Он уже стоял рядом. Массивный, он возвышался над ними, и выражение его лица прочесть было невозможно. С некоторой суровостью он ждал, что скажет Уинстон, – но о чем говорить? Даже сейчас вполне можно было понять это так, что занятой человек О’Брайен раздражен и недоумевает: зачем его потревожили? Никто не произнес ни слова. Телекран был выключен, и в комнате стояла мертвая тишина. Секунды шли одна за другой, огромные. Уинстон с трудом смотрел в глаза О’Брайену. Вдруг угрюмое лицо хозяина смягчилось как бы обещанием улыбки. Характерным жестом он поправил очки на носу.
– Мне сказать или вы скажете? – начал он.
– Я скажу, – живо отозвался Уинстон. – Он в самом деле выключен?

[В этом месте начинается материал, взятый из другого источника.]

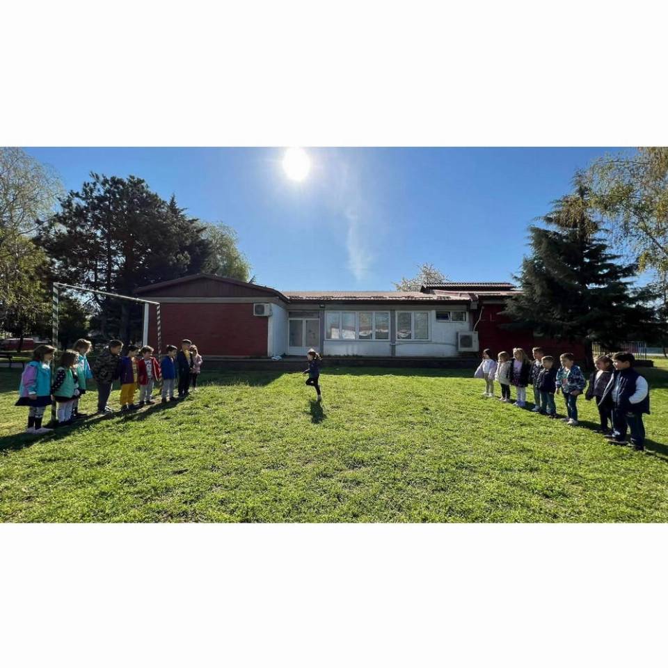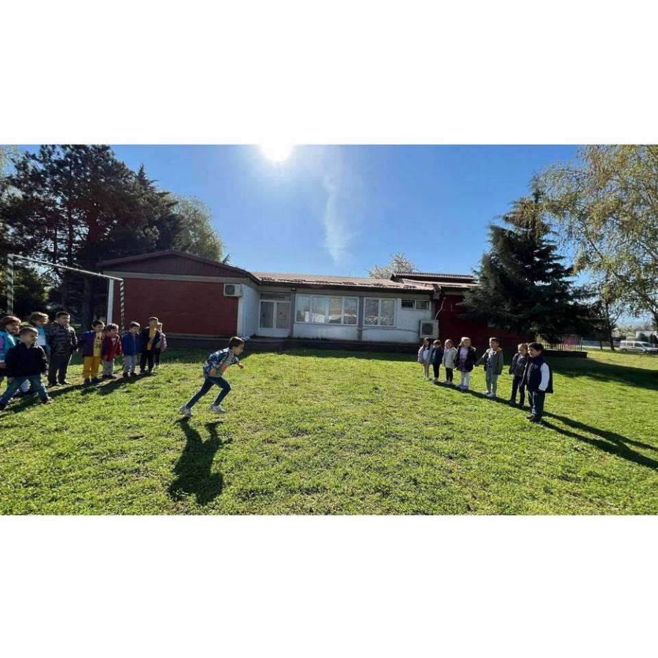 Цел: Да се усовршат основните природни движења: одење, трчање, скокање.

– Да, все выключено. Мы одни.
– Мы пришли сюда потому, что…
Уинстон запнулся, только теперь поняв, насколько смутные привели его сюда побуждения. Он сам не знал, какой помощи ждет от О’Брайена, и объяснить, зачем он пришел, было нелегко. Тем не менее он продолжал, чувствуя, что слова его звучат неубедительно и претенциозно:
– Мы думаем, что существует заговор, какая-то тайная организация борется с партией, и вы в ней участвуете. Мы хотим в нее вступить и для нее работать. Мы враги партии. Мы не верим в принципы ангсоца. Мы мыслепреступники. Кроме того, мы развратники. Говорю это потому, что мы предаем себя вашей власти. Если хотите, чтобы мы сознались еще в каких-то преступлениях, мы готовы.
Он умолк и оглянулся – ему показалось, что сзади открыли дверь. И в самом деле, маленький желтолицый слуга вошел без стука. В руках у него был поднос с графином и бокалами.

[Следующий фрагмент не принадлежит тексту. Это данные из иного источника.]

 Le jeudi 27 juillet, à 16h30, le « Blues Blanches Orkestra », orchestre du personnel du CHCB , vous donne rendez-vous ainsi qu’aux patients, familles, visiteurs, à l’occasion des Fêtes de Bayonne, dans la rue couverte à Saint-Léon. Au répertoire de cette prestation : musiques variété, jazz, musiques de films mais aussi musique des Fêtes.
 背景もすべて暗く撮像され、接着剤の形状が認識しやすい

– Мартин свой, – бесстрастно объяснил О’Брайен. – Мартин, несите сюда. Поставьте на круглый стол. Стульев хватает? В таком случае мы можем сесть и побеседовать с удобствами. Мартин, возьмите себе стул. У нас дело. На десять минут можете забыть, что вы слуга.

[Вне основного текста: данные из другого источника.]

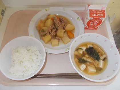 ごはん 肉じゃが 豆腐とわかめの味噌汁 牛乳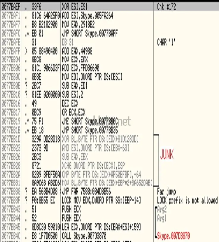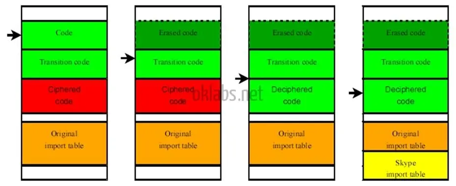 二进制文件的敏感代码使用一个硬编码的密钥进行加密以避免代码被静态分析。Skype客户端(SC)开始处有一个程序负责执行过程中解密敏感代码和加密部分代码。之后,解密器处理刚加密的代码,并擦除另一部分代码。后者的作用是为了防止解密的代码保存在计算机内存中。我当时设计了一个工具,用于从计算机存储器中完整提取出SC程序在运行过程中解密出来的代码,一旦解密程序解密完成,便把解密代码覆盖到保存在硬盘上的SC二进制文件中原有的加密代码。并防止解密程序在解密完成后的进行代码擦除。该程序还会修改导入表,该表包含了程序所使用的每一个导入函数。我设计的那个工具也设法把导入表的修改操作同步到磁盘上的二进制文件上。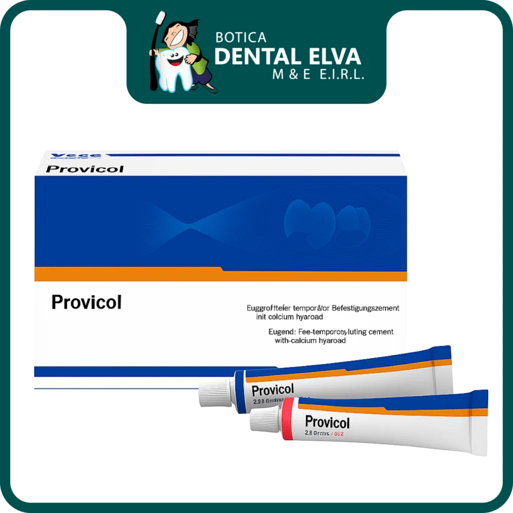 Provicol Voco es un cemento provisional de alta calidad indicado para fijaciones temporales en restauraciones indirectas. Gracias a su fórmula libre de eugenol, no interfiere con los sistemas adhesivos ni afecta la polimerización de resinas, garantizando seguridad en tratamientos posteriores. Además, contiene hidróxido de calcio, proporcionando beneficios adicionales para la salud pulpar y el sellado temporal.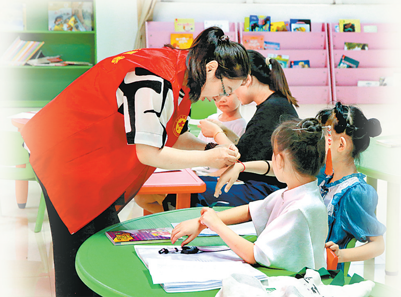 6月19日,在民权县图书馆二楼少儿阅览室,一场寓教于乐的端午节亲子阅读活动正在火热进行中。孩子们编香囊、五彩绳,志愿者为孩子们讲述端午节的由来和屈原的故事等,带领孩子阅读端午节相关诗词,使孩子们了解了端午节悬挂艾草、佩香囊、赛龙舟、吃粽子等民风习俗,家长与孩子们过了一个与众不同的端午节。宁津瑜 摄

Маленький человек сел непринужденно, но вместе с тем почтительно – как низший, которому оказали честь. Уинстон наблюдал за ним краем глаза. Он подумал, что этот человек всю жизнь разыгрывал роль и теперь боится сбросить личину даже на несколько мгновений. О’Брайен взял графин за горлышко и наполнил стаканы темно-красной жидкостью. Уинстону смутно вспомнилась виденная давным-давно – то ли на стене, то ли на ограде – громадная бутылка из электрических огней, перебегавших так, что из нее как бы лилось в стакан. Сверху жидкость казалась почти черной, а в графине, на просвет, горела, как рубин. Запах был кисло-сладкий. Джулия взяла свой стакан и с откровенным любопытством понюхала.
– Называется – вино, – с легкой улыбкой сказал О’Брайен. – Вы, безусловно, читали о нем в книгах. Боюсь, что членам внешней партии оно нечасто достается. – Лицо у него снова стало серьезным, и он поднял бокал. – Мне кажется, будет уместно начать с тоста. За нашего вождя – Эммануэля Голдстейна.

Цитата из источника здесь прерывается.